MPs are calling the government for the age of sale of cigarettes to rise from 18 to 21, in a bid to end the “tobacco epidemic” by 2023.
The All Party Parliamentary Group on Smoking and Health is calling for tougher tobacco regulations to help smokers quit, as well as protect children and young people from becoming smokers.
The group is also calling for putting health warnings on cigarettes as well as raising the legal age for cigarettes.
It warns the government that it can only “build back better and fairer” from the pandemic by making smoking obsolete and has urged the government to commit to the actions needed to secure its vision of a Smokefree 2030.
According to a new report, the group said funding for tobacco control programmes should be secured through a ‘polluter pays’ amendment to the Health and Social Care Bill, forcing manufacturers to pay to deliver the end of smoking.
In addition, the group said targeted investment should also provide additional support to help smokers quit in regions and communities where smoking does the most damage.
This includes those in routine and manual jobs and the unemployed; living in social housing; with a mental health condition; and pregnant smokers.
“Our report sets out measures which will put us on track to achieve the Government’s ambition to end smoking by 2030, but they can’t be delivered without funding,” All Party Parliamentary Group on Smoking and Health chairman Bob Blackman said.

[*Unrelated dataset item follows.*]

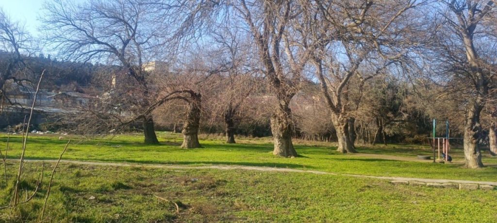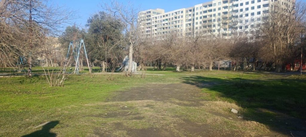 Parkda uşaqlar futbol oynayırlar. Sakinlər deyirlər ki, həmin ərazidə futbol meydançası da olub. Amma meydançanın dəmir qapıları sökülüb və yoxa çıxıb. Parkdakı hovuzun içərisi də boş qalıb, sonuncu dəfə yağan qardan qalan suyun üzərində boş butulkalar üzür.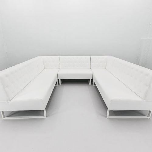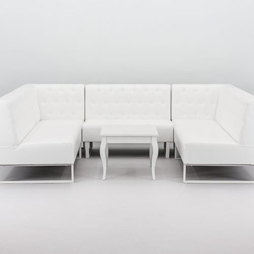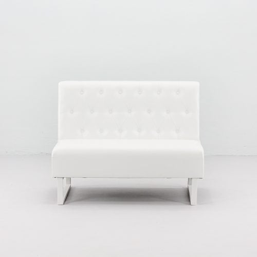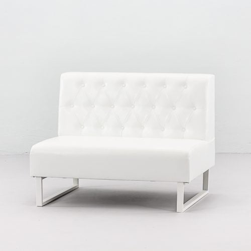 Sofa GLAMOUR DUO WHITE to dwuosobowa sofa pikowana z eko-skóry premium, idealna do stref VIP, loży klubowych, przestrzeni lounge oraz eleganckich eventów biznesowych i bankietów. Wymiary: wysokość 85 cm, szerokość 110 cm, głębokość 80 cm. Kolor biały. Dostępna jest wyłącznie z usługą transportu.

“Tobacco manufacturers make extreme profits selling highly addictive, lethal products, while government coffers are bare because of Covid-19. The manufacturers have the money, they should be made to pay to end the epidemic.”
Chief executive of Action on Smoking Health Deborah Arnott added: “We all applauded when the government announced its ambition for a Smokefree 2030. But that was two years ago, the time has now come to deliver.”
The report and its recommendations have been endorsed by leading health organisations including the Academy of Medical Royal Colleges, the Association of Directors of Public Health, Asthma UK, the British Heart Foundation, the British Lung Foundation, the British Thoracic Society, Cancer Research UK, the Faculty of Public Health, the Greater Manchester Health and Social Care Partnership, the Health Foundation, the Royal Society of Public Health and the Royal College of Physicians.